++++ DATASET RECORDS ++++

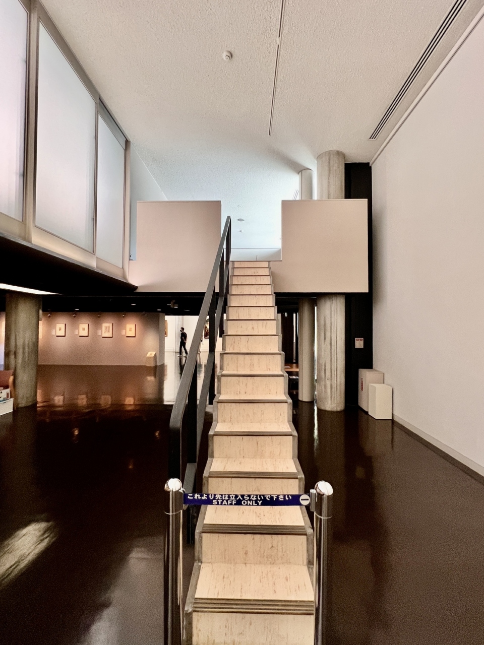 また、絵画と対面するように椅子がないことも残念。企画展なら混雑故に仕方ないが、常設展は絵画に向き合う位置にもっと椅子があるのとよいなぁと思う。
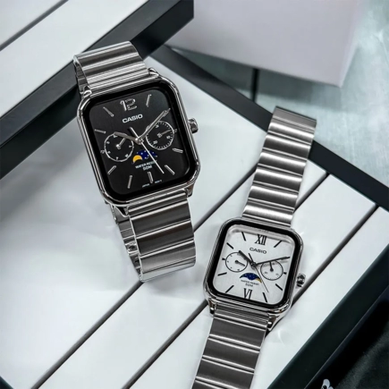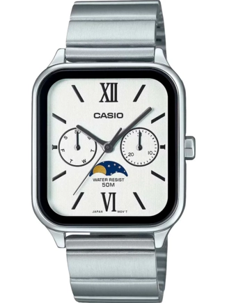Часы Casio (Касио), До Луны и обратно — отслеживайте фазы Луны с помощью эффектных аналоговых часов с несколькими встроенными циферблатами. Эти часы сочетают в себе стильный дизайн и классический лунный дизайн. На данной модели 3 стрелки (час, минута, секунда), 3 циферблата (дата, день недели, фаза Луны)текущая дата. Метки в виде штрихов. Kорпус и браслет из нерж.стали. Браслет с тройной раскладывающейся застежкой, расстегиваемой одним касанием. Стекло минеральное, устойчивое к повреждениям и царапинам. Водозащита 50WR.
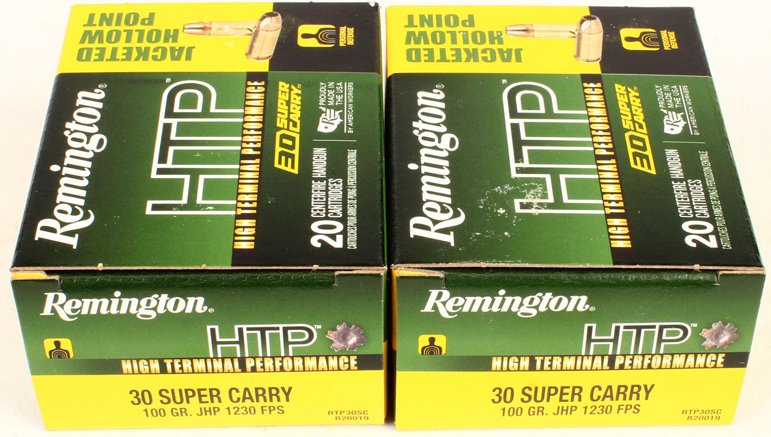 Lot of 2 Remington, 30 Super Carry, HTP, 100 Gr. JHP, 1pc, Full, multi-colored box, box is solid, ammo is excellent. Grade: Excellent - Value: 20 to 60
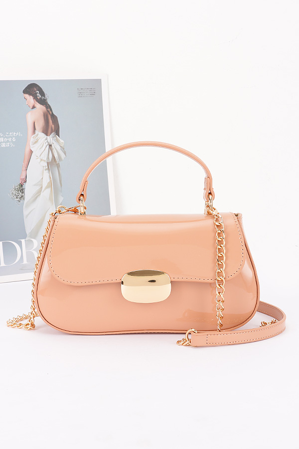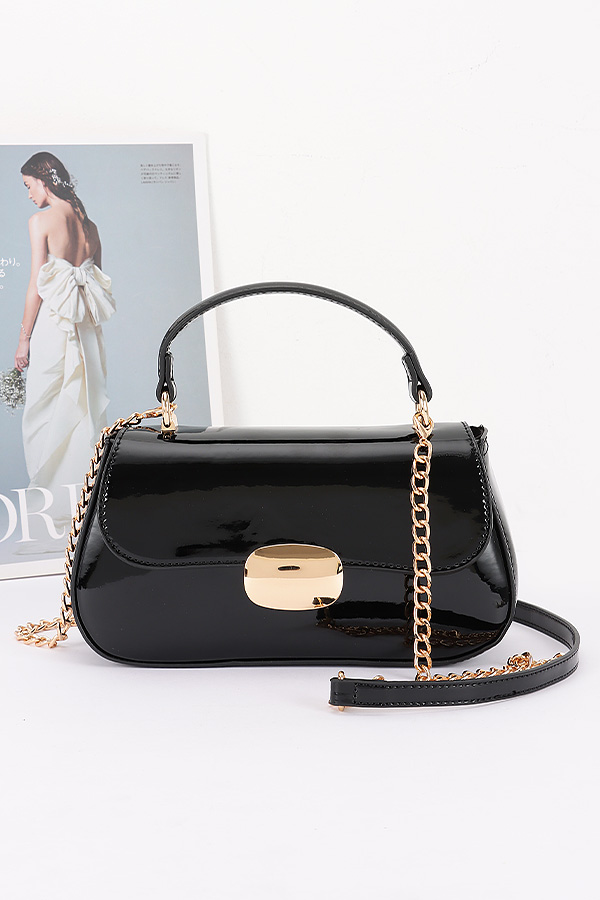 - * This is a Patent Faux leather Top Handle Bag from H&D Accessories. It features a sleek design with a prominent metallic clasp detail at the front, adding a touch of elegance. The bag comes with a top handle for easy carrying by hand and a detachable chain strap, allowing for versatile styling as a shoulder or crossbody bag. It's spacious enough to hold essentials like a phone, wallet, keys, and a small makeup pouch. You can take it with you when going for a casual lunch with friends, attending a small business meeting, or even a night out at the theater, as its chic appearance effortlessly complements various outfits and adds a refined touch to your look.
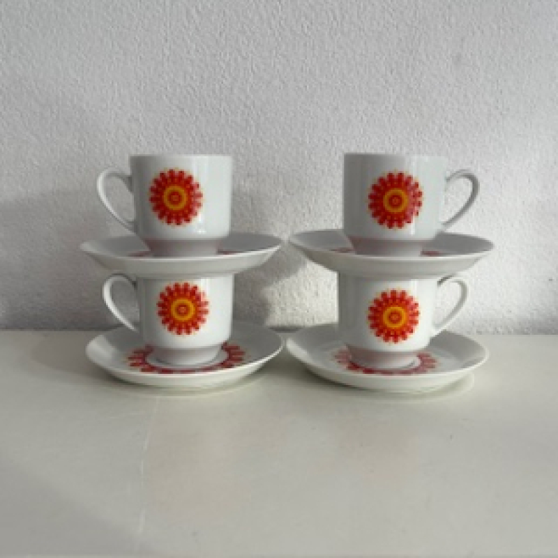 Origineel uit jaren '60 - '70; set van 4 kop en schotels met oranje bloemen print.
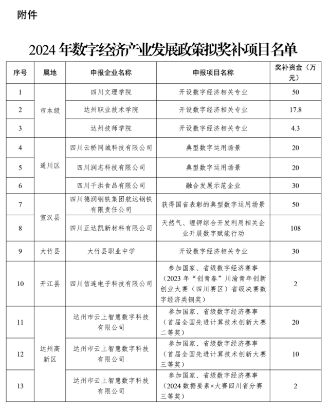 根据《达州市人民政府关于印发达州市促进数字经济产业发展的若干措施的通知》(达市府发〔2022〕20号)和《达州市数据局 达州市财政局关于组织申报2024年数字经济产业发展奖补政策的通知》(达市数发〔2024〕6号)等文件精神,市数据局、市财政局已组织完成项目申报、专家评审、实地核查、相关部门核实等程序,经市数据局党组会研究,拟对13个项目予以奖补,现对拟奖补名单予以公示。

++++

Each record above goes into the copy unchanged; the pictures do not.

◆ EXERCISE OUTPUT:
 また、絵画と対面するように椅子がないことも残念。企画展なら混雑故に仕方ないが、常設展は絵画に向き合う位置にもっと椅子があるのとよいなぁと思う。
Часы Casio (Касио), До Луны и обратно — отслеживайте фазы Луны с помощью эффектных аналоговых часов с несколькими встроенными циферблатами. Эти часы сочетают в себе стильный дизайн и классический лунный дизайн. На данной модели 3 стрелки (час, минута, секунда), 3 циферблата (дата, день недели, фаза Луны)текущая дата. Метки в виде штрихов. Kорпус и браслет из нерж.стали. Браслет с тройной раскладывающейся застежкой, расстегиваемой одним касанием. Стекло минеральное, устойчивое к повреждениям и царапинам. Водозащита 50WR.
 Lot of 2 Remington, 30 Super Carry, HTP, 100 Gr. JHP, 1pc, Full, multi-colored box, box is solid, ammo is excellent. Grade: Excellent - Value: 20 to 60
 - * This is a Patent Faux leather Top Handle Bag from H&D Accessories. It features a sleek design with a prominent metallic clasp detail at the front, adding a touch of elegance. The bag comes with a top handle for easy carrying by hand and a detachable chain strap, allowing for versatile styling as a shoulder or crossbody bag. It's spacious enough to hold essentials like a phone, wallet, keys, and a small makeup pouch. You can take it with you when going for a casual lunch with friends, attending a small business meeting, or even a night out at the theater, as its chic appearance effortlessly complements various outfits and adds a refined touch to your look.
 Origineel uit jaren '60 - '70; set van 4 kop en schotels met oranje bloemen print.
 根据《达州市人民政府关于印发达州市促进数字经济产业发展的若干措施的通知》(达市府发〔2022〕20号)和《达州市数据局 达州市财政局关于组织申报2024年数字经济产业发展奖补政策的通知》(达市数发〔2024〕6号)等文件精神,市数据局、市财政局已组织完成项目申报、专家评审、实地核查、相关部门核实等程序,经市数据局党组会研究,拟对13个项目予以奖补,现对拟奖补名单予以公示。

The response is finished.